HSV-Fans kennen diese Tore besonders gut. Dass die Hamburger in den vergangenen Jahren in München regelmäßig ein bayerisches Schützenfest erlebten, hatte viel zu tun mit diesen typischen Robben-Bewegungen. Acht Tore und vier Vorlagen gelangen dem 33-Jährigen in seinen letzten fünf Heimspielen gegen den HSV. Die Ergebnisse dabei: 5:0, 6:0, 9:2, 8:0, 5:0. Rechtzeitig zum Spiel am Wochenende ist Robben nun wieder in Topform. Und Gisdol? Der hat noch immer keine Angst. Dafür aber großen Respekt.

„Es gibt Weltklassespieler, die kannst du nicht immer stoppen“, sagte Gisdol am Donnerstag und nannte Robben in einem Atemzug mit Cristiano Ronaldo und Lionel Messi. „Diese Spieler haben so ein Repertoire und so ein Tempo drauf, dass du das nicht immer über 90 Minuten gut verteidigen kannst.“ Auch die Münchner Douglas Costa und Franck Ribéry zählt Gisdol zu diesen „Weltklasse-Außenspielern“. Ribéry, der mit fünf Toren und sieben Vorlagen eine ähnlich gute HSV-Bilanz aufweist wie Robben, ist nach seiner Muskelverletzung am Wochenende ebenfalls wieder einsatzfähig.

Für den HSV wird es eine Herkulesaufgabe, die Flügelstürmer der Bayern aus dem Spiel zu nehmen. Wie Gisdol die Aufgabe meistern will, deutete er im Training an. Da ließ er die Außenspieler bei Ballbesitz direkt mit zwei Mann attackieren. „Eins-zu-eins-Situationen gegen Robben oder Ribéry kann ein einzelner Spieler nicht lösen. Da brauchst du schon Unterstützung“, sagte Gisdol am Donnerstag.
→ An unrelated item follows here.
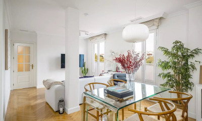 BARNES Madrid vend ce penthouse exclusif de 161 m² situé dans le district de Chamartín, quartier Prosperidad. Il allie un design rétro-vintage à des touches modernes, en respectant les éléments d’origine comme le parquet et en combinant des finitions contemporaines en pierre naturelle et céramique brillante. Le logement luxueux est agencé de façon très fonctionnelle et ouverte, offrant espace et luminosité dans toutes ses pièces. L’accès se fait par un élégant hall qui communique avec un grand séjour-salle à manger avec cuisine ouverte intégrée, entièrement équipée et revêtue de matériaux de haute qualité. Trois fenêtres PVC double vitrage rétractables permettent une connexion directe avec l’extérieur et inondent la pièce de lumière naturelle grâce à une excellente orientation sud-ouest. L’un des grands atouts de ce penthouse exclusif est sa terrasse, conçue comme un véritable oasis urbain : jacuzzi, barbecue argentin, système de brumisation pour rafraîchir l’air et une atmosphère idéale pour en profiter toute l’année. La zone nuit comprend deux chambres (dont une avec vue directe sur la terrasse et un mur revêtu en pierre naturelle) ainsi qu’un bureau fonctionnel, idéal pour le télétravail ou comme pièce polyvalente. Il comprend également une salle de bain complète et un WC invité. Parmi les autres caractéristiques : Rénovation récente avec finitions design. Parquet d’origine combiné à de la pierre naturelle. Cuisine équipée et meublée. Système de climatisation optimisé pour le confort en toutes saisons. Immeuble avec deux ascenseurs et entrée principale représentative. Le quartier Prosperidad se distingue par sa proximité de tous les services ainsi que par sa bonne connexion aux transports publics. Pour plus d’informations, veuillez consulter notre site web https://www.barnes-madrid.com/es, où vous trouverez une sélection soignée d’appartements exclusifs à Chamartín ainsi que d’autres biens premium à Madrid.

Hoffnung schöpft der HSV aus dem bisherigen Saisonverlauf. Die Bayern führen die Tabelle zwar schon wieder mit fünf Punkten Vorsprung an, doch insbesondere in den Heimspielen wirkte der Meister nicht immer meisterlich. „Einige Spieler haben im Umschaltspiel nach hinten Probleme mit der Geschwindigkeit“, sagte Lothar Matthäus der „Bild“-Zeitung. „Da kann der HSV mit seinen schnellen Offensivspielern wie Müller oder Wood etwas erreichen.“ Matthäus empfiehlt dem HSV, auf eine Fünferkette oder ein System mit drei defensiven Mittelfeldspielern umzustellen.

„Natürlich hast du als Trainer solche Überlegungen“, sagte Gisdol. Man dürfe eben nur nicht mit Angst in das Spiel gehen. Aber auch nicht mit zu viel Risiko. „Wer denkt, dass wir die Situation mit einem extrem risikoreichen Spiel ausnutzen können, der macht einen großen Fehler.“ Einen Fehler, den der HSV in seiner jüngsten Vergangenheit bei den Bayern ein wenig zu häufig machte.